WHAT TO PRODUCE:
Keep to one stretch of the data below, the lines from the one with "Komandan Pusat Hidro-Oseanografi" up to and including the one with "월급 400만 원 가운데", and return that stretch exactly.

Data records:
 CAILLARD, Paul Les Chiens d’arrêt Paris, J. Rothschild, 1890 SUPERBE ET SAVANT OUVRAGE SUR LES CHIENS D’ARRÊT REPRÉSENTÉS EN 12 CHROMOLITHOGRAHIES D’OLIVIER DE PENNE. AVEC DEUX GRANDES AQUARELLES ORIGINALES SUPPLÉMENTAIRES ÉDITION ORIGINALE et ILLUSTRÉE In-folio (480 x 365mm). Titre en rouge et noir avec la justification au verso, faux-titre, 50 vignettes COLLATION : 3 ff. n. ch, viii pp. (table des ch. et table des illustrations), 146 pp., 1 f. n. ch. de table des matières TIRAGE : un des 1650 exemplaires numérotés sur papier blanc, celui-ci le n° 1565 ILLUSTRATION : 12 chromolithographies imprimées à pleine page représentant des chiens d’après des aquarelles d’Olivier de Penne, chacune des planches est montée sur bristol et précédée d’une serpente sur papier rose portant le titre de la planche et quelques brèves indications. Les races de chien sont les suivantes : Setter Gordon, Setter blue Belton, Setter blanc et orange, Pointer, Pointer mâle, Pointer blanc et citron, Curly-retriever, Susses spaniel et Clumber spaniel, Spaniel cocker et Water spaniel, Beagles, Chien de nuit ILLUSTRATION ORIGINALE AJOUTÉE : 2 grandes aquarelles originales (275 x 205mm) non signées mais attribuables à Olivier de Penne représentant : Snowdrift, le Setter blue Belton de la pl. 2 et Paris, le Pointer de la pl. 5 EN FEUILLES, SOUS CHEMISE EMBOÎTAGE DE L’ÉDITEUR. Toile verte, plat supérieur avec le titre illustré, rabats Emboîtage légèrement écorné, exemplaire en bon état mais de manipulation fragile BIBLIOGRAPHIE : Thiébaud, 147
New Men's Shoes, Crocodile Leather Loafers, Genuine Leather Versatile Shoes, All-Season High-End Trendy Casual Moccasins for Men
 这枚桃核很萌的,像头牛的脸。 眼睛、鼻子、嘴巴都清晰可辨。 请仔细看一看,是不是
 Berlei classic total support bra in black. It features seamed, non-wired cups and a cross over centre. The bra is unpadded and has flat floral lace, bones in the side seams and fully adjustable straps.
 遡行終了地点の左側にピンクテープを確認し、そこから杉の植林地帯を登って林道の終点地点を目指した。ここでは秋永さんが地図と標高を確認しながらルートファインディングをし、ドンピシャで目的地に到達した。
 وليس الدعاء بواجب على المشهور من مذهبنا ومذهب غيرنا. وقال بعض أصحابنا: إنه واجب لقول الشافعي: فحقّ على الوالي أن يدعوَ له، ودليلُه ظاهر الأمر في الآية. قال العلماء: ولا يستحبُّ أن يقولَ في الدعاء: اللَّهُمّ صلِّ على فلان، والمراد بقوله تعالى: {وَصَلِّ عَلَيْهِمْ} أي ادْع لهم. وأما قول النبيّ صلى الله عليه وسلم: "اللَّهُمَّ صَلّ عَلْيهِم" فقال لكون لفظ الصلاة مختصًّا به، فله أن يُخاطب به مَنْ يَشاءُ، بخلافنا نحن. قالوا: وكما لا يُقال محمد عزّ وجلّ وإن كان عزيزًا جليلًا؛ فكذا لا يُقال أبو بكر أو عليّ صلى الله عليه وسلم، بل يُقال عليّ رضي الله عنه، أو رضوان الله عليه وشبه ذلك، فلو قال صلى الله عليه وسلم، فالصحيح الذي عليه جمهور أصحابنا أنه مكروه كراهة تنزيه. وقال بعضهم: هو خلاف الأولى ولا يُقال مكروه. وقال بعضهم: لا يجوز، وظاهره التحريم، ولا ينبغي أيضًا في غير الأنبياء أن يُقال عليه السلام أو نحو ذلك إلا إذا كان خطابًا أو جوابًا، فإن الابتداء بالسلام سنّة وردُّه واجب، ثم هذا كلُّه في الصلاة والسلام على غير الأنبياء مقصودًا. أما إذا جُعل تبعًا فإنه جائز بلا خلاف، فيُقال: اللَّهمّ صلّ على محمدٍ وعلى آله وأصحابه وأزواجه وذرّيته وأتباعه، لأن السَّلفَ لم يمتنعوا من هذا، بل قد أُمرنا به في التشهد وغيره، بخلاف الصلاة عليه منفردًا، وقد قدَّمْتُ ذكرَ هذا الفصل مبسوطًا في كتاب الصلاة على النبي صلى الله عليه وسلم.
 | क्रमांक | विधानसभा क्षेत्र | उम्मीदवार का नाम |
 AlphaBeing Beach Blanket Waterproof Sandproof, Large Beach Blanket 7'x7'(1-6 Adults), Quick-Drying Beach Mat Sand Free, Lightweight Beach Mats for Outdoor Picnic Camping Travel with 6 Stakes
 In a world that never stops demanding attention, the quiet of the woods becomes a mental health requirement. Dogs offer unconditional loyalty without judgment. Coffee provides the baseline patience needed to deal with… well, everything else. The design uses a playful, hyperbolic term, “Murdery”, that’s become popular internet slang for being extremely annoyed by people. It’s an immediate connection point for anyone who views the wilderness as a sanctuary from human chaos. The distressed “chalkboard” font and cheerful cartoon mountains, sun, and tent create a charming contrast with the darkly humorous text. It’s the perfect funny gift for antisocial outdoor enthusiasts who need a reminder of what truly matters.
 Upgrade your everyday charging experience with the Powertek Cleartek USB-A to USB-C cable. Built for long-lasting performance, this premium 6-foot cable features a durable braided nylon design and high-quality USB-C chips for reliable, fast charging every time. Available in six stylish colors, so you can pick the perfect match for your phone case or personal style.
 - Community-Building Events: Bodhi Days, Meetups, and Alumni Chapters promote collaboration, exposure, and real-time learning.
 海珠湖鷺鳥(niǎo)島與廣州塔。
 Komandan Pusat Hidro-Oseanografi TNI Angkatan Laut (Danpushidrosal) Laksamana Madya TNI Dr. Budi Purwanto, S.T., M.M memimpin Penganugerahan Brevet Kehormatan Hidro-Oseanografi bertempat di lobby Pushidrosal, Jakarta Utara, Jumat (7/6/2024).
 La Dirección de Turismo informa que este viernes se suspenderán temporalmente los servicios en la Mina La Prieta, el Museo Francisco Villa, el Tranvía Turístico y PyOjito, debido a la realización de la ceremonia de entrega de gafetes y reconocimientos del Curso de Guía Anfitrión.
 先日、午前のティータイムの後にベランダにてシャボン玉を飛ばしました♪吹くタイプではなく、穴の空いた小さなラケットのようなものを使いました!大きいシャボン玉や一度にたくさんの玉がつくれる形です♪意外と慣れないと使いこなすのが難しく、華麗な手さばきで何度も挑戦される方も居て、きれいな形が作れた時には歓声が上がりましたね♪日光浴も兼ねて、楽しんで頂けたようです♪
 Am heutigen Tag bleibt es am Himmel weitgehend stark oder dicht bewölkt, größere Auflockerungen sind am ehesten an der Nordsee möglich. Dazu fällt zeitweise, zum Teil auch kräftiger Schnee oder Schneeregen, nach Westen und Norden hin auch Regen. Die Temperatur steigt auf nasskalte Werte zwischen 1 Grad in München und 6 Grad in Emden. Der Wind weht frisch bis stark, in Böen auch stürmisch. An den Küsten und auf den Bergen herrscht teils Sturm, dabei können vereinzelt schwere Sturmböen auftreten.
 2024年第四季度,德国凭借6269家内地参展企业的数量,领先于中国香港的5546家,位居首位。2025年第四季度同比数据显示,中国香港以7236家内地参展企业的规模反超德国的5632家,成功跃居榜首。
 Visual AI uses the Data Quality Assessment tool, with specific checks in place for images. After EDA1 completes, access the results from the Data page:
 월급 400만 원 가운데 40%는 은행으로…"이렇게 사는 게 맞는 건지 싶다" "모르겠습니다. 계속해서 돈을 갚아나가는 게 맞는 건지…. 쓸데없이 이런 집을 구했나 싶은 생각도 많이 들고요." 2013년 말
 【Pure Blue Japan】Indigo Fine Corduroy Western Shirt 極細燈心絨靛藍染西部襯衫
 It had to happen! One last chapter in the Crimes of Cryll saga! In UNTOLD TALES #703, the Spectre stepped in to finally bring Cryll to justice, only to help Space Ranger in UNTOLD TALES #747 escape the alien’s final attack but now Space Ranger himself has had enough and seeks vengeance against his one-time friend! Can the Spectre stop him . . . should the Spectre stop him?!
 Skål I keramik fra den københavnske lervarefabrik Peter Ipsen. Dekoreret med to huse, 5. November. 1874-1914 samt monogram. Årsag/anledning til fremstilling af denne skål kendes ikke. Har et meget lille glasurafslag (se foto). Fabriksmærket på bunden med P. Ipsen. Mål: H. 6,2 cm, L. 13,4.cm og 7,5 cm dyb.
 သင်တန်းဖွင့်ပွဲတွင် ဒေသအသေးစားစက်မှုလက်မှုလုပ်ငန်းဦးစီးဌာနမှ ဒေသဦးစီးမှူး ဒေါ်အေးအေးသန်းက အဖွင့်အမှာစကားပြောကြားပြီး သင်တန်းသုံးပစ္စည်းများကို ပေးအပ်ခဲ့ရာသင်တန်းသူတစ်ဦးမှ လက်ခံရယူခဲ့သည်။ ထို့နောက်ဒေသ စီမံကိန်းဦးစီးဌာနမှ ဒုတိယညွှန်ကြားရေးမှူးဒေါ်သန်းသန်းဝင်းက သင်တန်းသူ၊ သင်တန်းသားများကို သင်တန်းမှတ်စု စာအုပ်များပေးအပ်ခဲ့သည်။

RESULT:
 Komandan Pusat Hidro-Oseanografi TNI Angkatan Laut (Danpushidrosal) Laksamana Madya TNI Dr. Budi Purwanto, S.T., M.M memimpin Penganugerahan Brevet Kehormatan Hidro-Oseanografi bertempat di lobby Pushidrosal, Jakarta Utara, Jumat (7/6/2024).
 La Dirección de Turismo informa que este viernes se suspenderán temporalmente los servicios en la Mina La Prieta, el Museo Francisco Villa, el Tranvía Turístico y PyOjito, debido a la realización de la ceremonia de entrega de gafetes y reconocimientos del Curso de Guía Anfitrión.
 先日、午前のティータイムの後にベランダにてシャボン玉を飛ばしました♪吹くタイプではなく、穴の空いた小さなラケットのようなものを使いました!大きいシャボン玉や一度にたくさんの玉がつくれる形です♪意外と慣れないと使いこなすのが難しく、華麗な手さばきで何度も挑戦される方も居て、きれいな形が作れた時には歓声が上がりましたね♪日光浴も兼ねて、楽しんで頂けたようです♪
 Am heutigen Tag bleibt es am Himmel weitgehend stark oder dicht bewölkt, größere Auflockerungen sind am ehesten an der Nordsee möglich. Dazu fällt zeitweise, zum Teil auch kräftiger Schnee oder Schneeregen, nach Westen und Norden hin auch Regen. Die Temperatur steigt auf nasskalte Werte zwischen 1 Grad in München und 6 Grad in Emden. Der Wind weht frisch bis stark, in Böen auch stürmisch. An den Küsten und auf den Bergen herrscht teils Sturm, dabei können vereinzelt schwere Sturmböen auftreten.
 2024年第四季度,德国凭借6269家内地参展企业的数量,领先于中国香港的5546家,位居首位。2025年第四季度同比数据显示,中国香港以7236家内地参展企业的规模反超德国的5632家,成功跃居榜首。
 Visual AI uses the Data Quality Assessment tool, with specific checks in place for images. After EDA1 completes, access the results from the Data page:
 월급 400만 원 가운데 40%는 은행으로…"이렇게 사는 게 맞는 건지 싶다" "모르겠습니다. 계속해서 돈을 갚아나가는 게 맞는 건지…. 쓸데없이 이런 집을 구했나 싶은 생각도 많이 들고요." 2013년 말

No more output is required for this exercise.